427 Thackeray Hall
Abstract or Additional Information
Geotactic bioconvection describes the macroscopic convective patterns that arise in dense suspensions of free-swimming microorganisms exhibiting negative geotaxis, a preferential upward swimming against the direction of gravity. As the population accumulates near the upper surface, the resulting top-heavy system becomes unstable. Fingers of concentrated organisms start to descend into the bulk fluid, and the collective dynamics generates large-scale flow patterns that persist over long times. This process shares important features with Rayleigh-B\'{e}nard thermal convection.

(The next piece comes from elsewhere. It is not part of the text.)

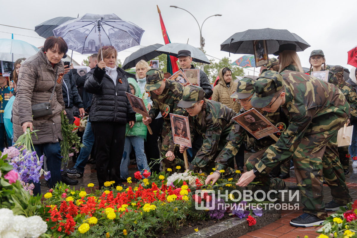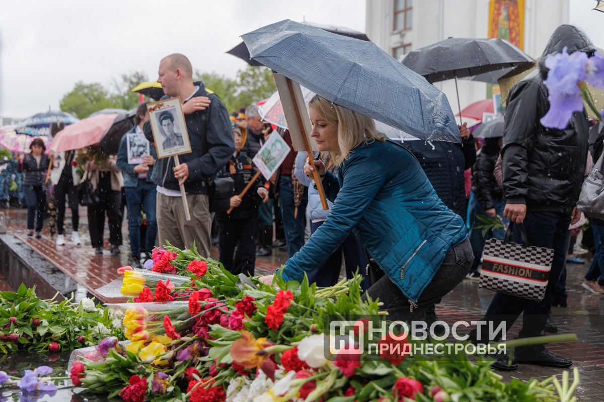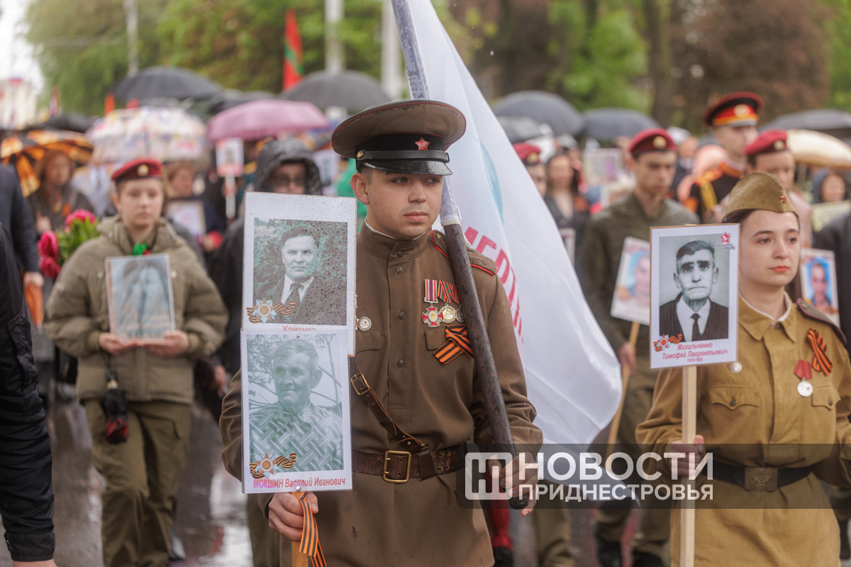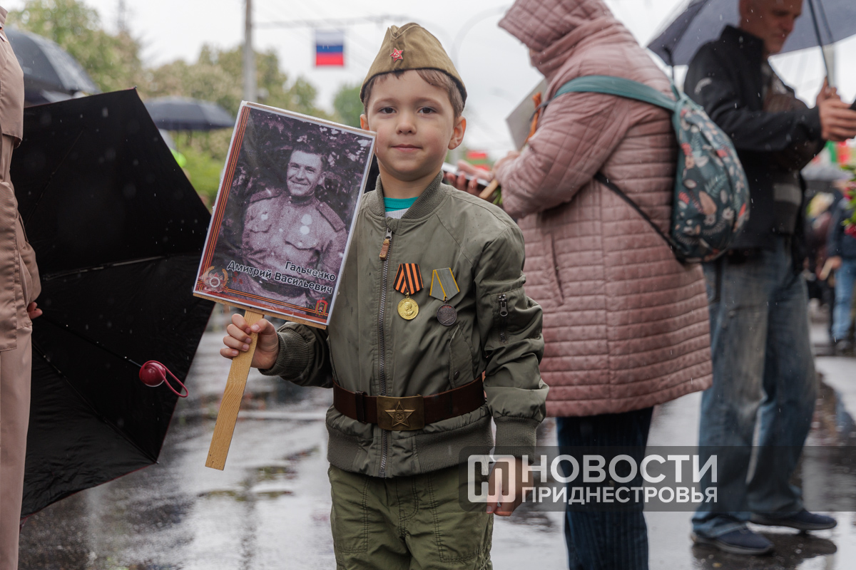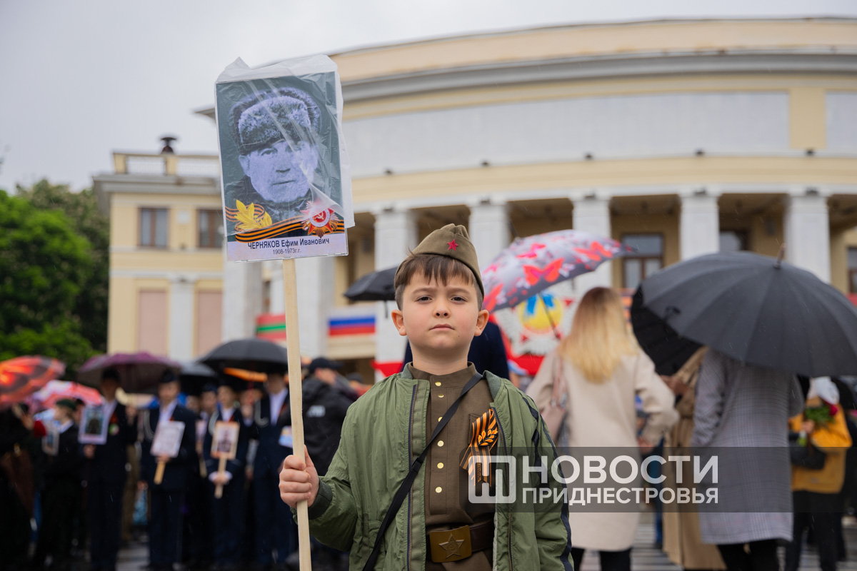 Тирасполь, 9 мая. /Новости Приднестровья/. «Бессмертный полк» вновь прошёл по улицам Тирасполя после перерыва в пять лет. Несмотря на проливной дождь, в шествии приняли участие порядка 35 тысяч человек.

Both feature adverse density gradients that drive buoyancy-induced instabilities, although the underlying physical origins differ. One is the thermal expansion and one is the cell movement.
Bioconvection has extensive practical applications, including microbial enhanced oil recovery, large-scale biofuel production, wastewater treatment, and the design of microfluidic lab-on-a-chip systems. In many of these settings, understanding the long-time asymptotic behavior and large-scale flow structures is essential, which demands accurate simulations over a long period of time on sufficiently fine meshes. Moreover, in the Rayleigh-Bénard flow, it is well known that the flow transitions to weakly turbulent, chaotic dynamics when the Rayleigh number exceeds a critical threshold. We observe analogous behavior in the bioconvection system. When the Rayleigh number, defined appropriately for the bioconvection setting, is sufficiently large, the flow exhibits chaotic dynamics that require even finer spatial resolution to resolve.
However, direct numerical simulation of the coupled Navier-Stokes and concentration transport system on such fine meshes is prohibitively expensive, particularly for the long integration times of practical interest. To address this, we develop a spatially adaptive filtering approach inspired by the Leray-$\alpha$ regularization model. The proposed method preserves the energy structure of the original system while enabling accurate long-time simulations at significantly reduced computational cost.